Prague

Overview

With its history of communism, one could suspect that Prague and the Czech Republic would be a conservative environment; the real situation is quite to the contrary. Prague is one of the most accepting places in Eastern Europe with an ever- growing LGBT community, especially strong in the Vinohrady district. Be ready to dive in and get to know the LGBT community from within.

Legislation

  • A bill for same-sex marriage has nearly been passed twice in the Czech Republic, most recently in 2005. In July 2006 the country passed a bill allowing civil unions for same-sex partners, offering nearly all the rights of a married couple.
  • Anti-discrimination laws exist that protect and secure the safety of those discriminated against for their sexual orientation.
  • Legislation for transgender individuals is numerous, including laws permitting gender reassignment surgery, proper recognition of citizenship, and a new birth certificate with this reassignment.

Cultural Differences

  • Many LGBT clubs and bars are underground…literally! Be ready to trek down stairs into more basement areas at some locales. This is the same for many hetero-normative places too.
  • Unlike America, people in most Eastern European cultures seem reserved in public and become much more open in private. This means to see the full side of Czech people and the LGBT community, be ready to enter those private spaces, like clubs, cafes, and other venues.
  • The Czech Republic is documented as the most atheist nation in the world (58% of the population!). Organized religion plays a much smaller role in the overall attitudes of citizens towards issues such as those of the LGBT community.

Getting Involved

Downtown Café http://www.downtowncafe.cz

  • Ujezd 19
  • Located in the heart of Prague, this café is a definite first stop in the city. Besides offering delicious food and drinks, this café has a diverse selection of magazines and booklets designed for the LGBT community.

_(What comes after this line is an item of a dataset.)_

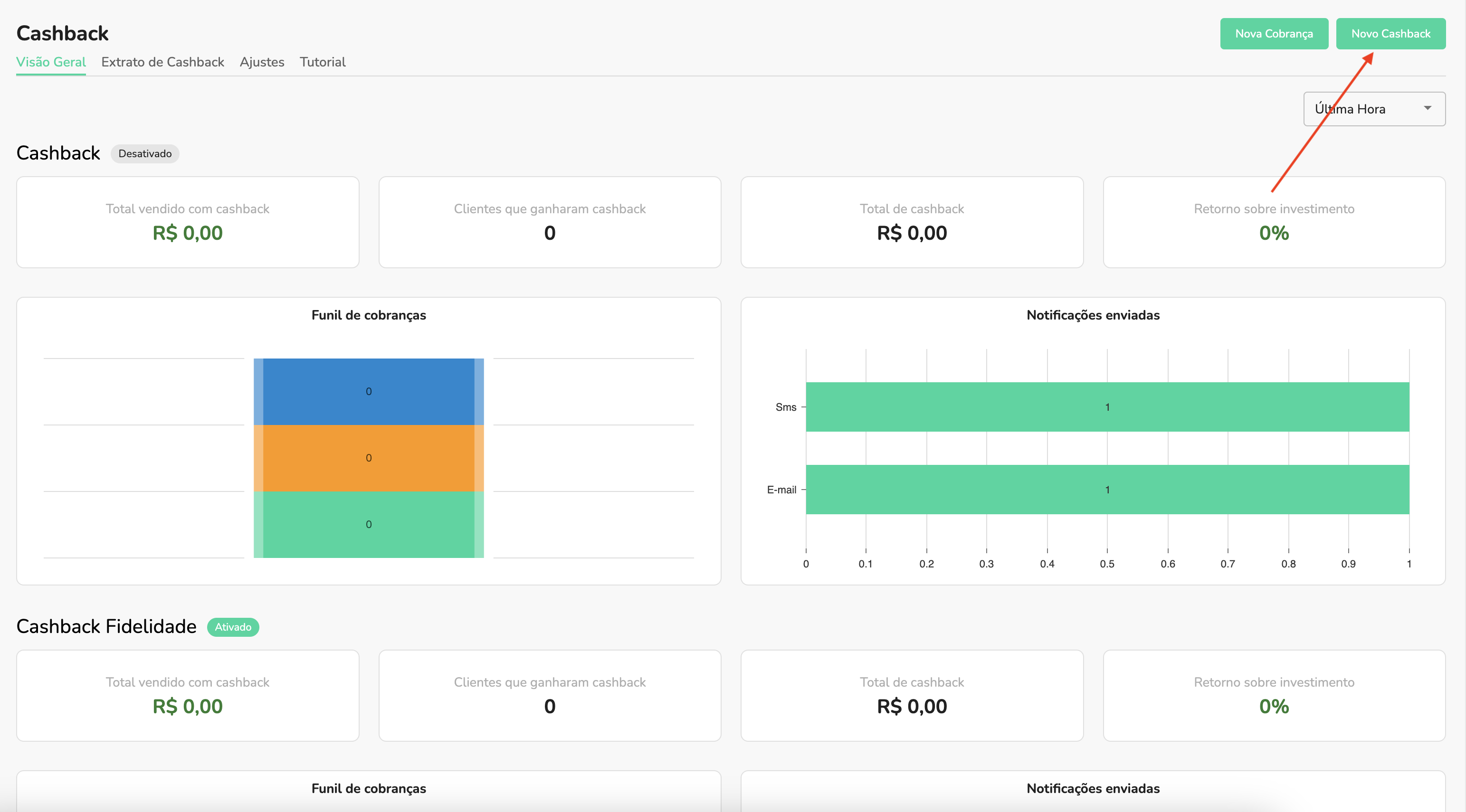 2. Clique em Novo Cashback

Two websites to check out are http://www.gay.cz and http://www.lesba.cz. These websites provide information on the activities of the gay and lesbian communities of Prague, as well as information on LGBT clubs, bars, and restaurants.

While there is no official LGBT newspaper or publication in Prague, the English newspaper, The Prague Post (http://www.praguepost.com) is highly supportive of LGBT rights and writes many articles about the community and its developments.

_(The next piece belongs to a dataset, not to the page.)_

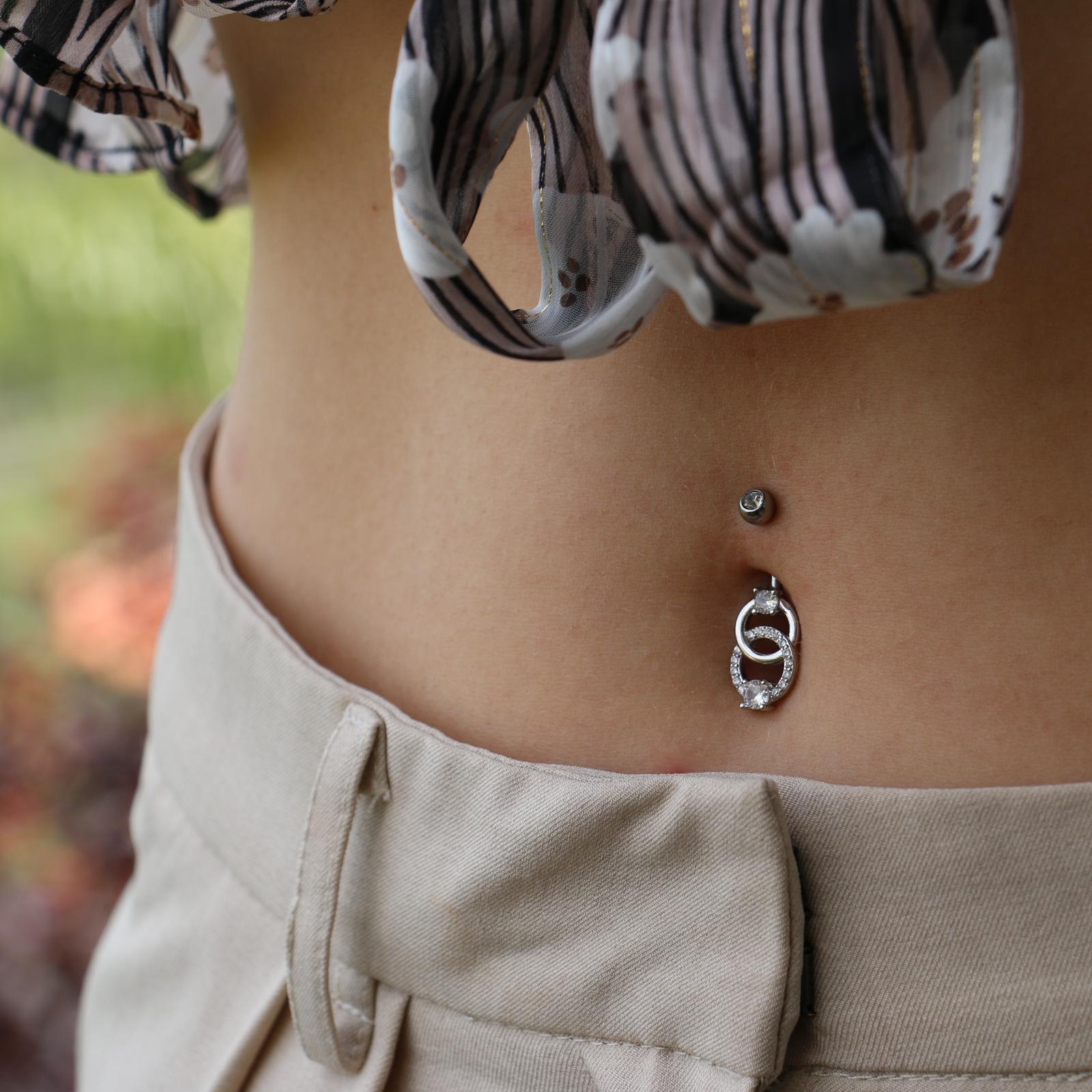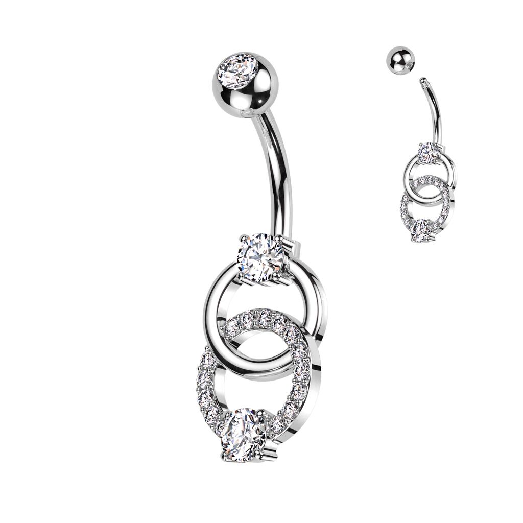 עגיל פירסינג בטבור – 2 עיגולים עם קריסטלים לבנים

Check out this Prague Post article on the status and acceptance of same-sex couples in the Czech Republic: (http://www.praguepost.com/articles/2006/07/12/nearly-weds.php_)

Student Perspective

Danny – At my internships and jobs, where I actually met with real Czech citizens, I was a little bit more careful when discussing my lifestyle. Being gay is just one thing that you don’t share with people. Mostly we would discuss the current state of politics, the economy, European and American affairs. It was one of those subjects that was avoided because none of us would really bring up (but I also never felt a need to or had to defend myself either). Like any job, it’s really how you want to present yourself to your co-workers and supervisors. Go out, experience the city, dine, drink, meet people and have fun. Don’t go thinking you’re going to find rainbow flags on storefronts everywhere (though there were a few at some bars!), but don’t think you’re going to 1989 Communist Czechoslovakia either.

On the LGBT Underground

Jeremy – My first gay bar experience was at Friends, a cute place in Old Town. When my friend and I first arrived there, we did not know what to expect; all we saw was a sign with the bar’s name and a large staircase going down. Two flights later, we were surrounded by many friendly LGBT people and even made friends with one gay male couple – a native Czech and his boyfriend who was from London. They told us a great deal about how things were changing in Prague through the younger generation and the enthusiasm people had for the EU. We then proceeded to enjoy the music and dance the night away! It was a wonderful experience that gave me the confidence to go out and explore other venues and LGBT-friendly districts. Lesson of the night: you never know what to expect when you go down into the LGBT nightlife of Prague!

Hotspots

Club Termix – http://www.club-termix.cz/index.php?lang=eng

  • Třebízského 4a
  • A hip club with a unique design based on the former auto repair shop on which it was built. Look for different car parts and pieces sticking out of the walls all along the dance floor!

Friends – http://www.friends-prague.cz/

  • Bartolomějská 11
  • A “friendly” bar in the Old Town district that offers cozy settings of velvet couches and relatively cheap prices. Tends to attract numerous tourists and expatriates amongst some Czech locals.

Radost FX – http://www.radostfx.cz/

  • Belehradská 120
  • Mainly a heterosexual venue with numerous LGBT nights attracting a wide variety of people to its doors. Also, a great spot for delicious vegetarian cuisine.

Travel

Cesky Krumlov – A cozy town in the southern regions of the Czech Republic. Very welcoming to LGBT persons and even has a few hostels that cater to the community.

Brno – The second largest city in the Czech Republic and home to budding LGBT community. Look for the LGBT Film Festival that is usually held in November. (http://www.passportmagazine.com/30/Brno.php)

Karlovy Vary – This historic city has become a popular tourist destination for its numerous spas and hot springs. Expect to find all different types of people looking for some rest and relaxation.